Estamos sempre revoltos em desejos, e soltos nos nossos “eu te amo”, fazendo com que os nossos corpos segurem as delícias dos instantes, sem desconfiar dos detalhes entre a euforia do agora, e a mansidão de um depois, carregando consigo uma ousada nudez diante do espelho.
Somos livres nas nossas inteirezas, com gozos explícitos divagando na alma, e as nossas risadas se espreguiçam como se fossem florir ao entardecer, fazendo com que o prazer proponha pequenas cortesias à nossa pele.
Temos um ir e vir dentro dos nossos sentidos, tornando o nosso olhar enigmático, e um arrepio que se escuta de longe, fazendo de cada encontro um raiar de primeiro dia.
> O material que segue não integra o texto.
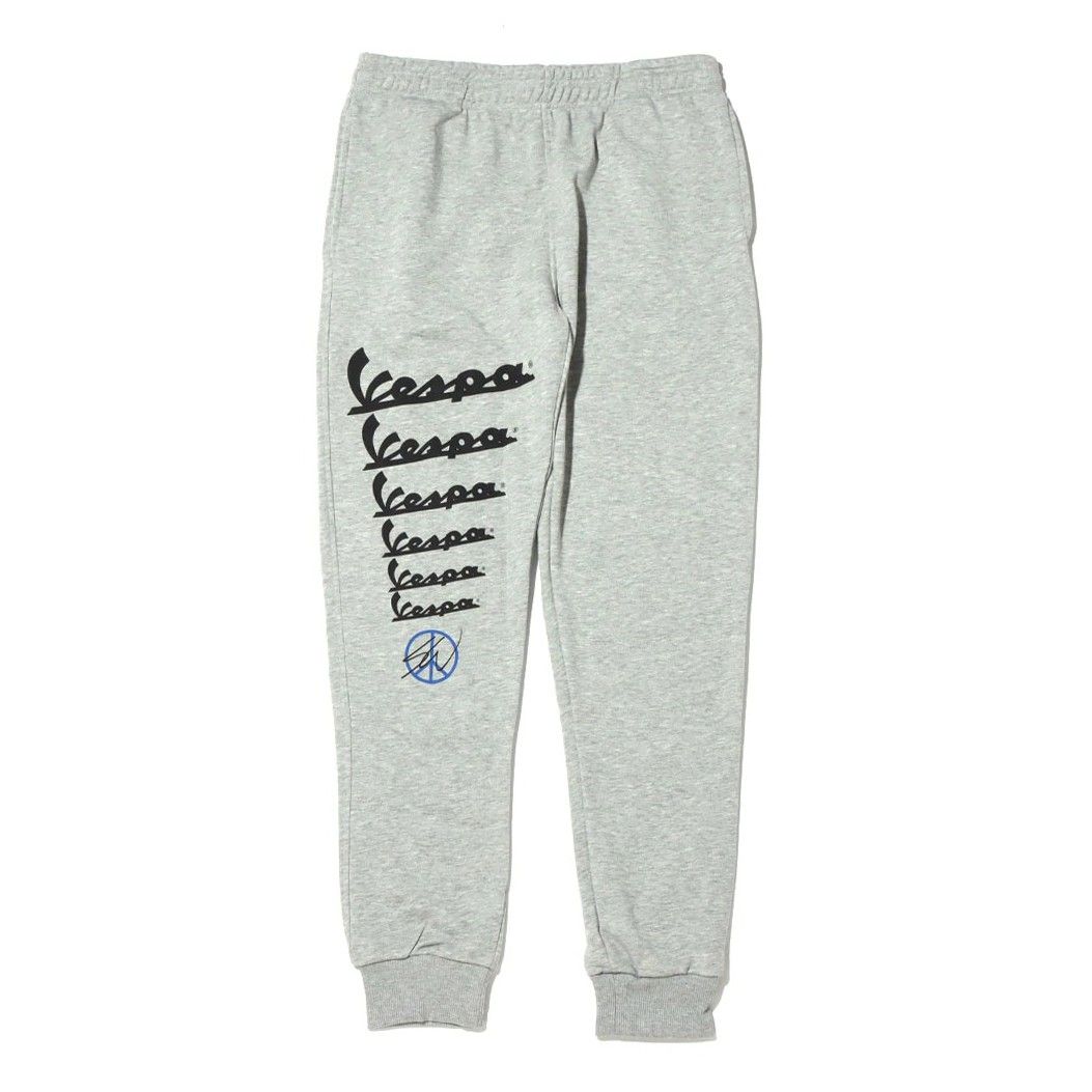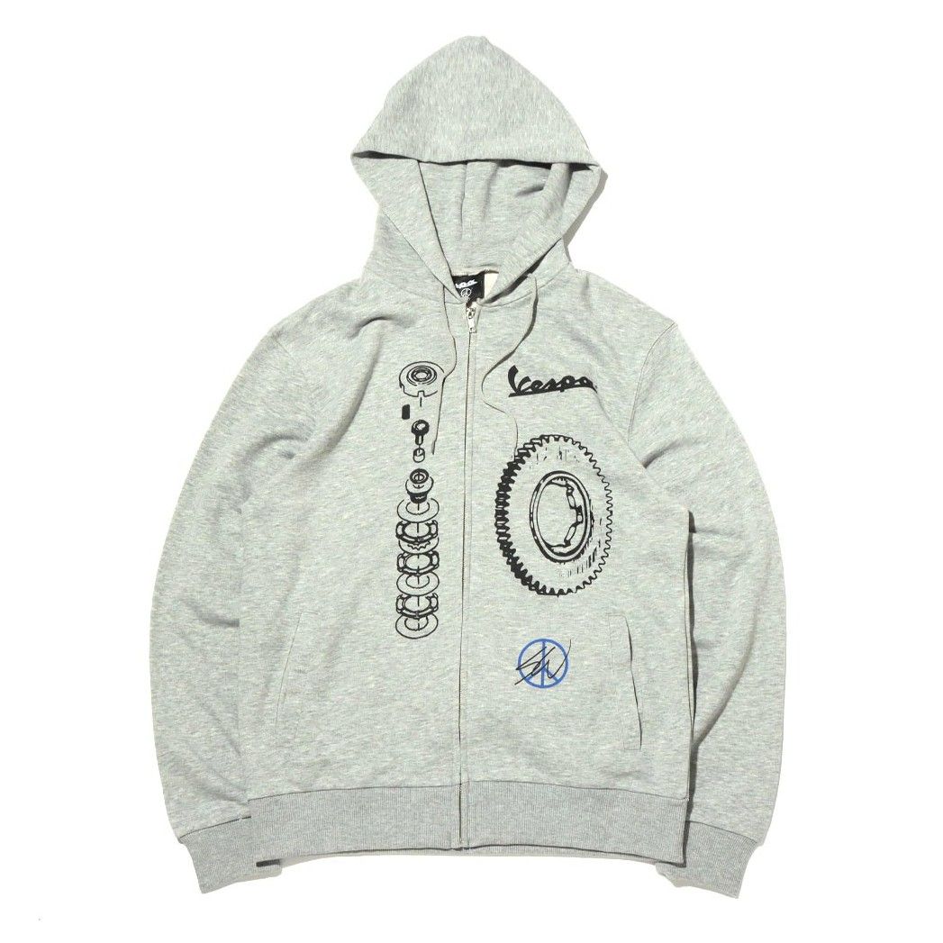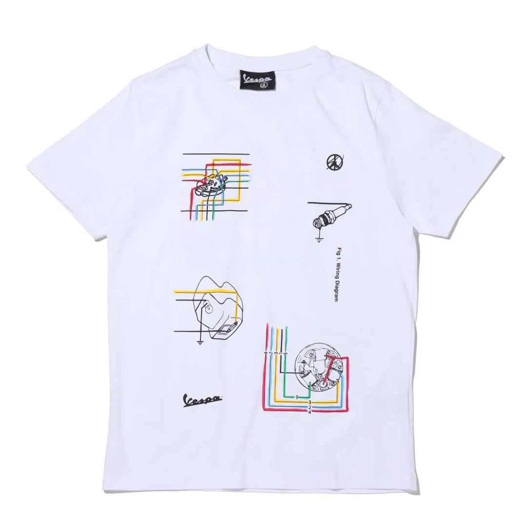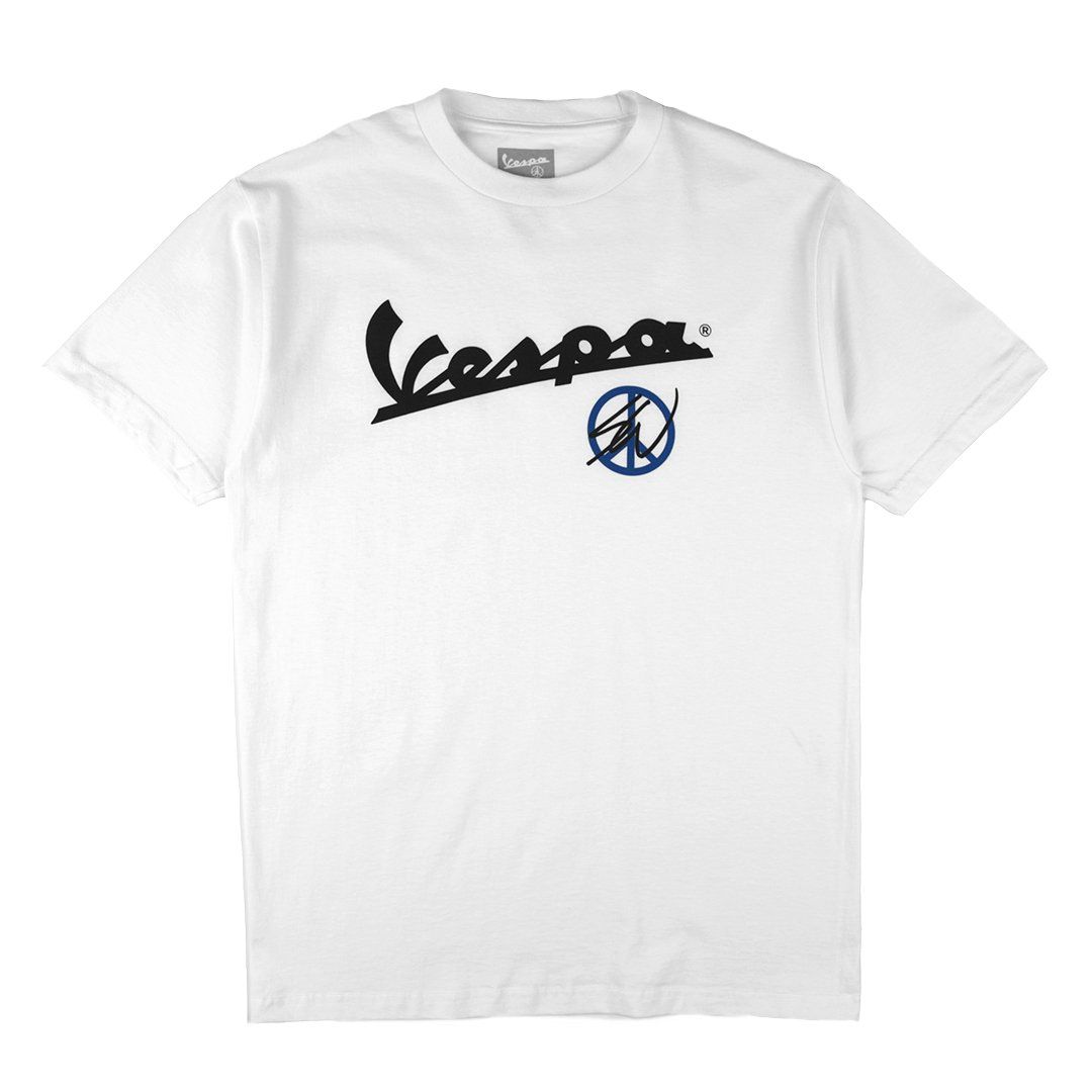 The collection includes a sweatsuit consisting of grey sweatshirt and tracksuit pants decorated with the renderings of mechanical parts of the scooter and the name of stylized Vespa reproduced on the back. Wotherspoon's signature appears to be printed on a symbol of peace. More colourful appear the graphics of the various t-shirts, also of retro taste.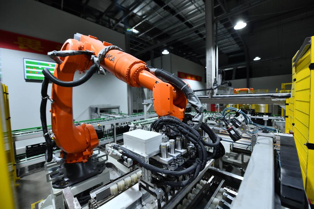 在廣西柳州市一家新能源汽車電池生產企業(yè),機器人在生產線上作業(yè)(2023年5月10日攝)。新華社記者黃孝邦攝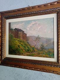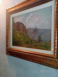 Perfetto dipinto di GIOVANNI RAVA nato a ALBA nel 1874 e morì ad AGLIÈ CANAVESE nel 1944, soggetto la casa sul poggio un olio su cartone 40 x 30 più bellissima cornice con vetro, x qualsiasi informazione o foto sono a disposizione per spedizione spesa aggiuntiva !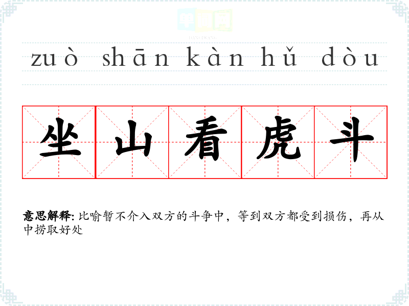 | 坐山看虎斗 | 比喻暂不介入双方的斗争中,等到双方都受到损伤,再从中捞取好处 |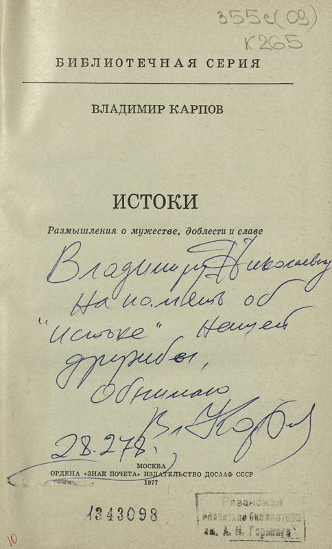 Великая Победа мая 1945 года побуждает нас с уважением и благодарностью вспоминать солдат Великой Отечественной войны. В фонде библиотеки им. Горького в «Коллекции автографов» хранится книга Героя Советского Союза, участника Великой Отечественной войны Владимира Карпова с авторским автографом.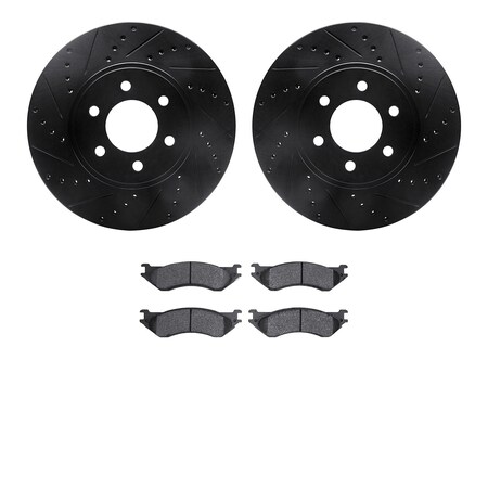 Dynamic Friction Company Front Brake Rotors Drilled and Slotted Black with Heavy Duty Brake Pads - 8202-40129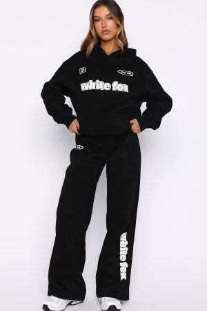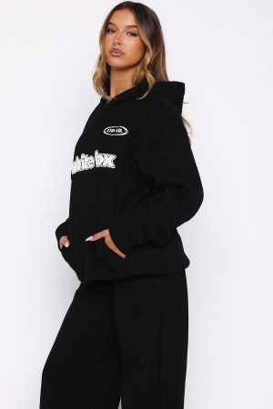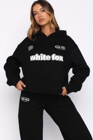 Studying has never looked cuter in the Ready To Go Oversized Hoodie in Black! Features a hood. slouched shoulders. long sleeve with ribbed cuffs. ribbed hemline. softest fleece lining and signature puff print White Fox text and graphic centre front. Complete the look with the matching You’re Not Allowed Wide Leg Sweatpants Black.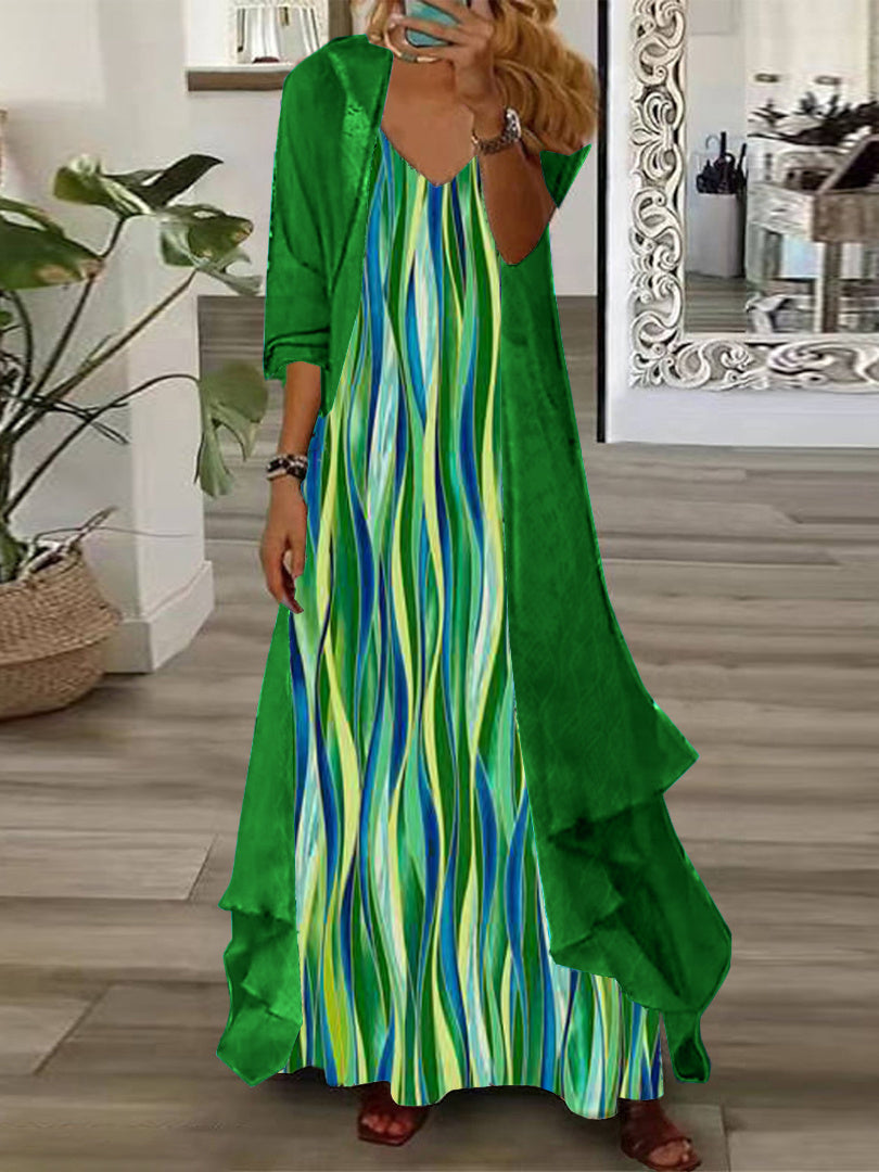 Women's Long Sleeve V-neck Graphic Printed Two Pieces Maxi Dress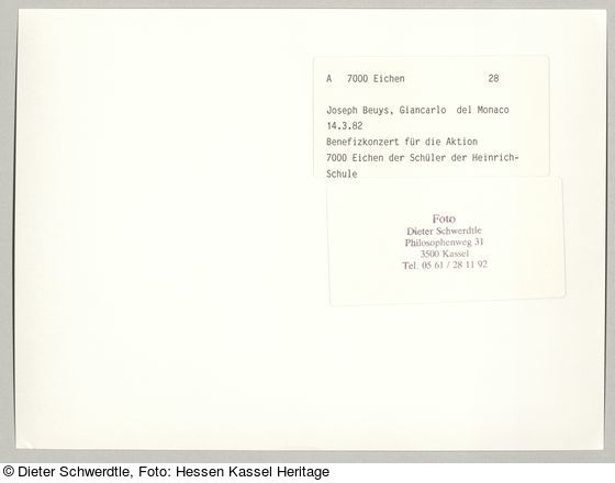 Joseph Beuys, Giancarlo del Monaco, Benefizkonzert der Schüler der Heinrich-Schütz-Schule für die Aktion 7000 Eichen, Fotodokumentation "7000 Eichen", documenta 7 |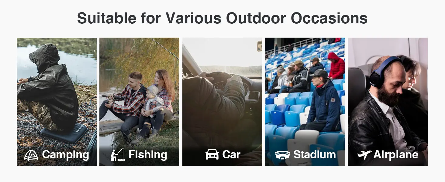 Lightweight and Compact:This inflatable cushion is very lightweight and compact, weighing only 0.4 pounds, and can be folded into a small size of 6.2x3.5 inches. It is easy to fit into a backpack or pocket and is an essential companion for concerts, sports events, camping, hiking, and airplane travel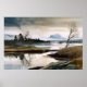 A pintura da paisagem de Tempera ao estilo de Andrew Wyeth, de um lago de terra firme perto de uma cordilheira, à luz da ascensão da manhã. Feito com algoritmos generativos e Photoshop. Este é outro design de 100% original de Hamster de Combate.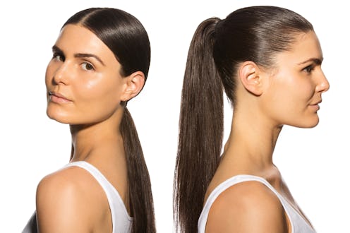 Create structure and grip with hairspray while styling the ponytail. Finish by smoothing an anti-frizz serum or hair oil generously over the crown and lightly over the length of the ponytail. L'Oreal Elnett Satin Strong Hairspray, $15; Dove Nourishing Oil Care Anti-Frizz Serum, $7.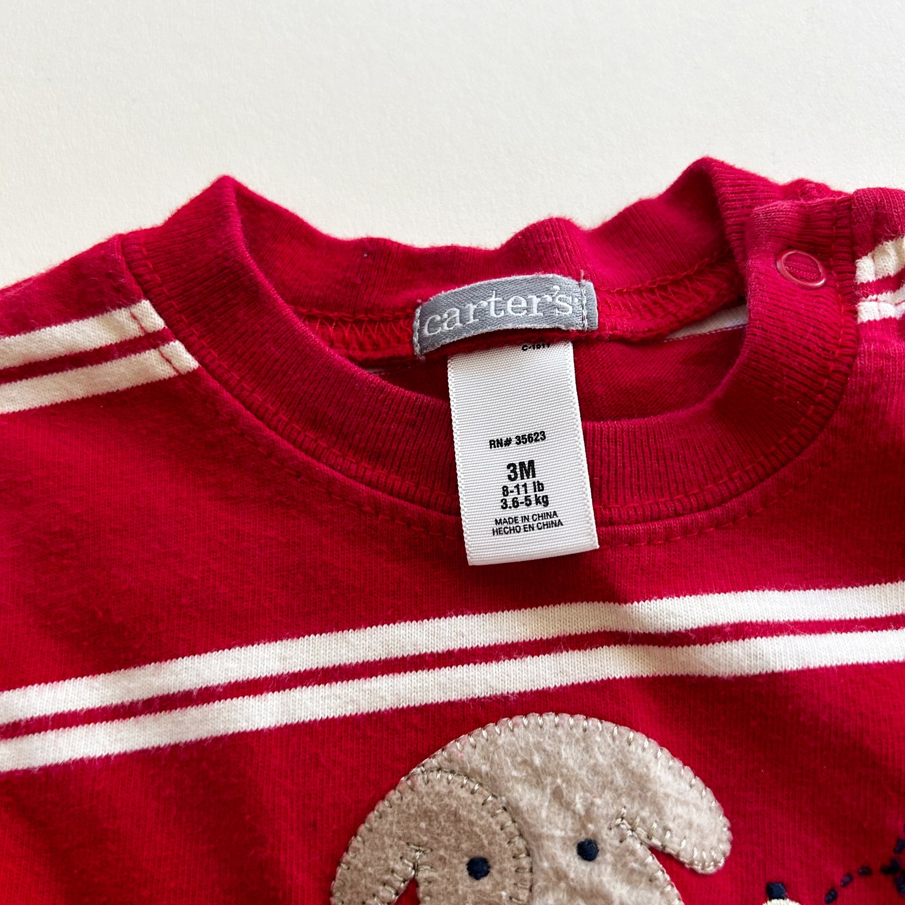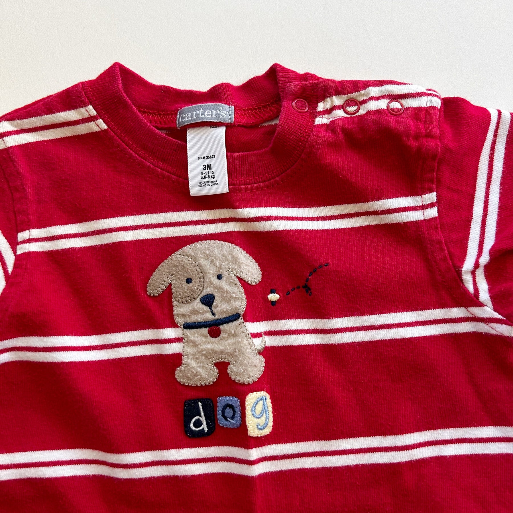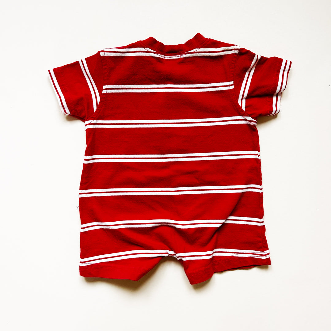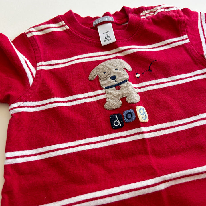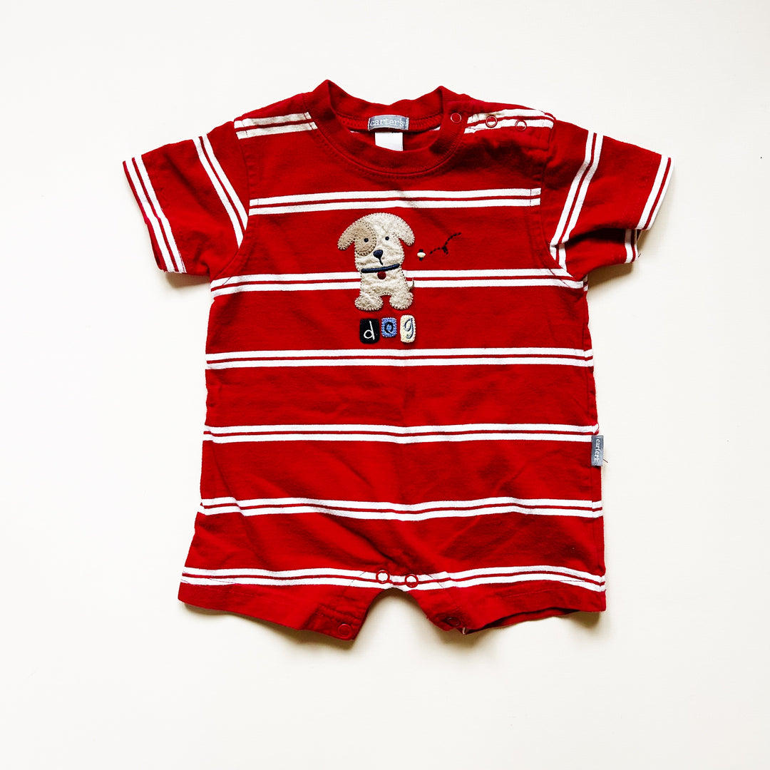 Retro red striped romper from Carter's with dog appliqué across front. Good used condition with light wear. Size 3 months (measurements available upon request)

As nossas mãos viajam em sutis movimentos, como se fossem mantras. Elas trazem para o nosso sorriso um querer que tem memória com curvas preferidas, e a voz de uma chama que não se cala, arrancando de dentro do peito uma maneira gostosa de se entregar.
Os nossos abraços têm versos com intactas ilusões. Sentimos os gostos que não nos indagam, se expressando nas confidências que fazemos, e vivendo o amor sem eternidades.
Os sonhos são os nossos sagrados e os nossos pecados e, desde então, todas as palavras que brotam em nossas nucas são boas e nos transformam em apenas um ser que nasce entre lençóis, dentro do silêncio desses mundos que nos tiram a chance de nos calarmos.